Sandra Heska King says
Share a memory, Lux?
Becky L says
Thank you for sharing your nursing story. I had thought about becoming a nurse then later a med assistant. But did something else which is working out. I am thankful for the caring nurses I have attend me when I was in the hospital a few times. They work hard and care for patients who, sometimes, are not so nice to them. Thank you and God bless all the nurses who give so much and ever grateful for their knowledge and skills. Have a great weekend!!!
Sandra Heska King says
Thanks so much, Becky.

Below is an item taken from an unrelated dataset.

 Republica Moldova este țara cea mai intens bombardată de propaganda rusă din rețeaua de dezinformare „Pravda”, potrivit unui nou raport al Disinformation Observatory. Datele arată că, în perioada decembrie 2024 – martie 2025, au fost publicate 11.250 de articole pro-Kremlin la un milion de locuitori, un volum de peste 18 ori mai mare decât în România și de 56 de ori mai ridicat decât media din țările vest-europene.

What’s really funny is some days I think (had I thought) I might have tried on a different profession–like journalism. But back then, I didn’t know I had much of a choice–teacher or nurse. Yet, I’m pretty sure God had a plan all along, and only nursing fit into it. Just like your “something else” that’s working out. 🙂
Diana Trautwein says
You are amazing, Sandy. The part about the BSN in your 40s – somehow, I missed that whenever I’ve read this story. The nurses during my two hospital stays this year have been astonishingly good — caring, efficient, skilled and kind. Makes all the difference when you have to be someplace you didn’t choose to be. Thanks for your hard work, your years of service and your kind and tender heart.
Sandra Heska King says
I got my BSN from MSU in 1995. I was 46 (that was 20 years ago… yikes!) I had both kids, went for two years while working full-time at the health department, and contracted mono–maybe tIhe oldest person ever. And I didn’t even kiss anybody–barely had time to kiss my own family. 😉
It’s all grace. And you are one of the God’s graces in my life.